The research team claimed that it is the first time an all-optical computing chip has been developed to support large-scale semantic and visual generative models. A paper about the study was published on the website of the journal Science on Friday, where it was highlighted as a featured paper.
Generative AI is increasingly being applied to complex real-world scenarios, such as generating images from text in seconds and creating videos in a matter of moments. As these models grow larger and more sophisticated, the demand for computational power and energy efficiency becomes more pressing. In the post-Moore's law era, global research efforts are shifting towards next-generation computing power chips like optical computing.
Currently, optical chips excel at accelerating discriminative tasks, but fall short of supporting cutting-edge large-scale generative models. The challenge lies in enabling next-generation optical computing chips to run complex generative models, a recognized problem in the field of intelligent computing globally.
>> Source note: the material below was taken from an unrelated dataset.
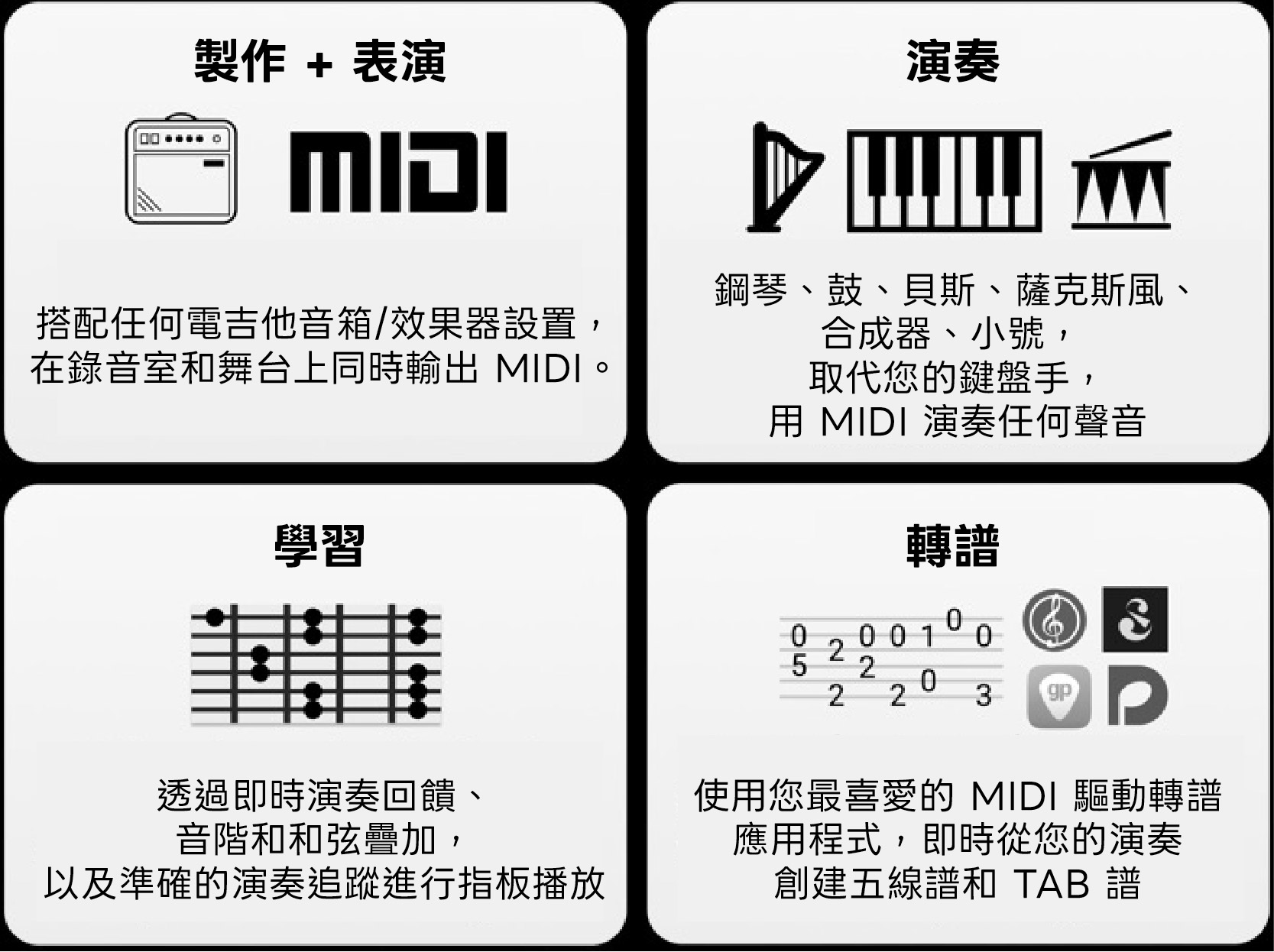 - 透過即時視覺回饋教授和弦形狀、音階與樂理
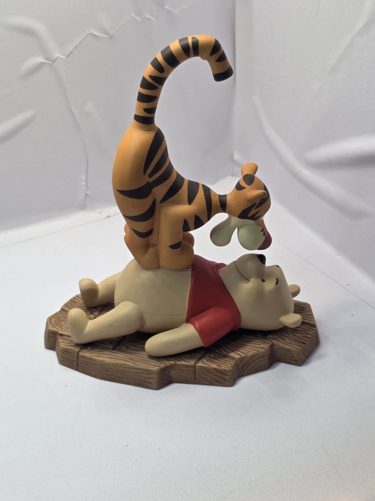 Disney Pooh & Friends, Friends Put a Bounce in Your Heart Figurine Pooh & Tigger. This delightful figurine features two of Disney's most beloved characters, Pooh and Tigger. Crafted by Walt Disney Art Classics, this limited edition Friends Put a Bounce in Your Heart figurine is a must-have for any Disney collector. Standing at approximately 6 inches tall, this charming collectible captures the playful spirit of Pooh and Tigger as they bounce together in joy. Made in Thailand and featuring Winnie the Pooh as the featured franchise, this Tigger figurine is the perfect addition to any Disneyana collection. With no modifications, this figurine is in excellent condition and ready to be displayed proudly. Add some Disney magic to your home with this adorable Pooh and Tigger figurine. This is a great Disney piece to add to your collection it is retired and limited edition Winnie the Pooh and friends. Please look at all the pictures. The color and detail are amazing it is new in

Scientists explained that optical computing involves processing information using light instead of electrons within transistors. Light naturally offers high speed and parallelism, making it a promising direction for overcoming computational and energy bottlenecks. However, applying optical computing to generative AI is complex due to the large scale of these models and their need to transform across multiple dimensions.
Chen Yitong, a leading researcher on the team, said that LightGen achieves its performance leap by overcoming three critical bottlenecks: integrating millions of optical neurons on a single chip, achieving all-optical dimensional transformation, and developing a training algorithm for optical generative models that does not rely on ground truth.
"Any one of these breakthroughs alone would be deemed significant. LightGen achieves all three simultaneously, enabling an end-to-end, all-optical implementation for large-scale generative tasks," said Chen, who is also an assistant professor at Shanghai Jiao Tong University's School of Integrated Circuits.
LightGen is not merely about using electronics to assist optics in generation. It achieves a complete "input-understanding-semantic manipulation-generation" loop on an all-optical chip, according to the research team. After an image is fed into the chip, the system can extract and represent semantic information, generating new media data under semantic control, effectively enabling light to "understand" and "cognize" semantics.
Experiments in their research demonstrated that LightGen can perform high-resolution image semantic generation, 3D generation, high-definition video generation, and semantic control, supporting various large-scale generative tasks like denoising and feature transfer.
In performance evaluations, LightGen adhered to rigorous computational standards. It achieved comparable generation quality to leading electronic neural networks, such as Stable Diffusion and NeRF, while measuring end-to-end time and energy consumption. Tests showed that even using relatively outdated input devices, LightGen achieved computational and energy efficiency improvements of two orders of magnitude compared to top digital chips. With advanced devices, LightGen could theoretically achieve computational power improvements of seven orders of magnitude and energy efficiency improvements of eight orders.
The research team said that the study emphasizes that as generative AI becomes more integrated into production and daily life, developing next-generation computing power chips capable of executing cutting-edge tasks required by modern AI society becomes imperative.
"LightGen opens a new path for advancing generative AI with higher speed and efficiency, providing a fresh direction for research into high-speed, energy-efficient generative intelligent computing," said Chen.